_YOUR ASSIGNMENT_: Copy the listing exactly, images excluded.

_THE DATA_:
═══

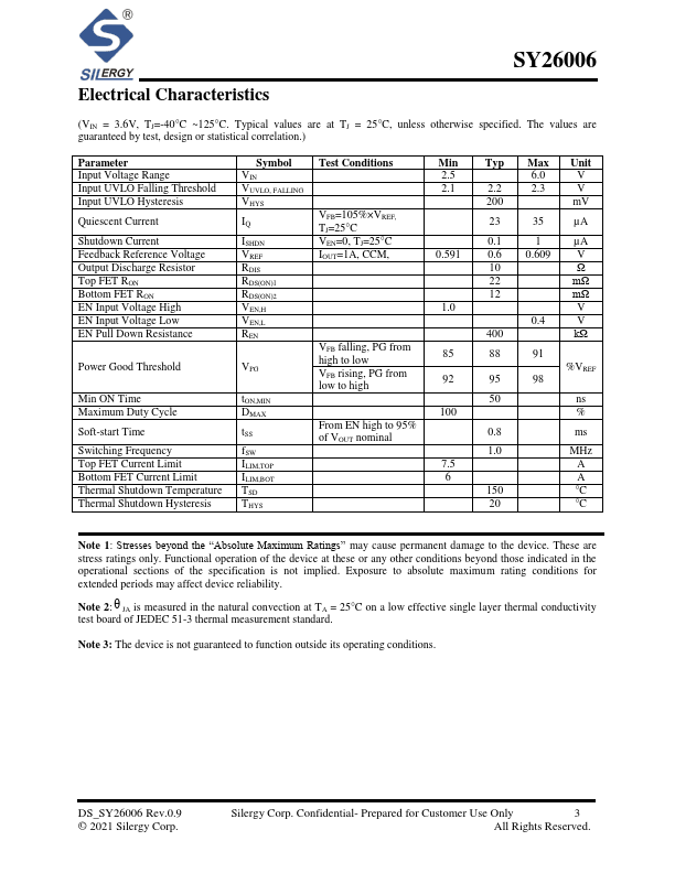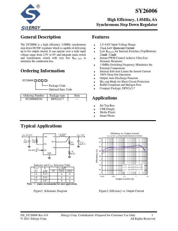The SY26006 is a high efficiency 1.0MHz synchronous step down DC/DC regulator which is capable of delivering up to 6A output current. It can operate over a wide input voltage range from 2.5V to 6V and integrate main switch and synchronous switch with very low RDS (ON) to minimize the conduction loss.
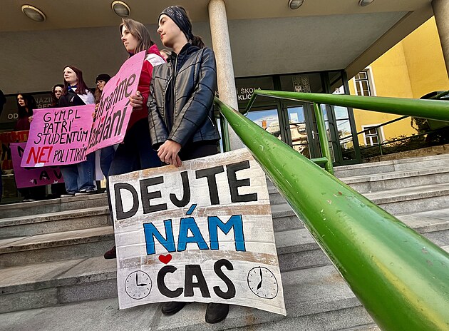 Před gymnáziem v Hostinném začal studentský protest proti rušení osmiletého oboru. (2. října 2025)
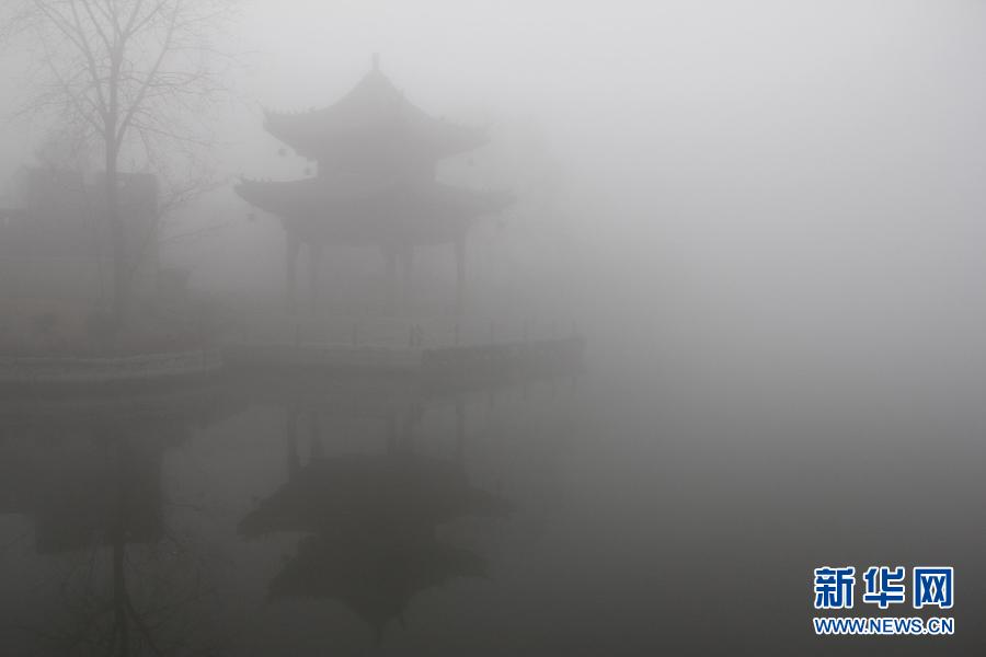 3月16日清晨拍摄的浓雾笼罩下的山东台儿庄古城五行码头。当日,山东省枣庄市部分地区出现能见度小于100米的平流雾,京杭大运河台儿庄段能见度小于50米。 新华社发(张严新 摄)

═══

_OUTPUT OF THE TASK_:
The SY26006 is a high efficiency 1.0MHz synchronous step down DC/DC regulator which is capable of delivering up to 6A output current. It can operate over a wide input voltage range from 2.5V to 6V and integrate main switch and synchronous switch with very low RDS (ON) to minimize the conduction loss.
 Před gymnáziem v Hostinném začal studentský protest proti rušení osmiletého oboru. (2. října 2025)
 3月16日清晨拍摄的浓雾笼罩下的山东台儿庄古城五行码头。当日,山东省枣庄市部分地区出现能见度小于100米的平流雾,京杭大运河台儿庄段能见度小于50米。 新华社发(张严新 摄)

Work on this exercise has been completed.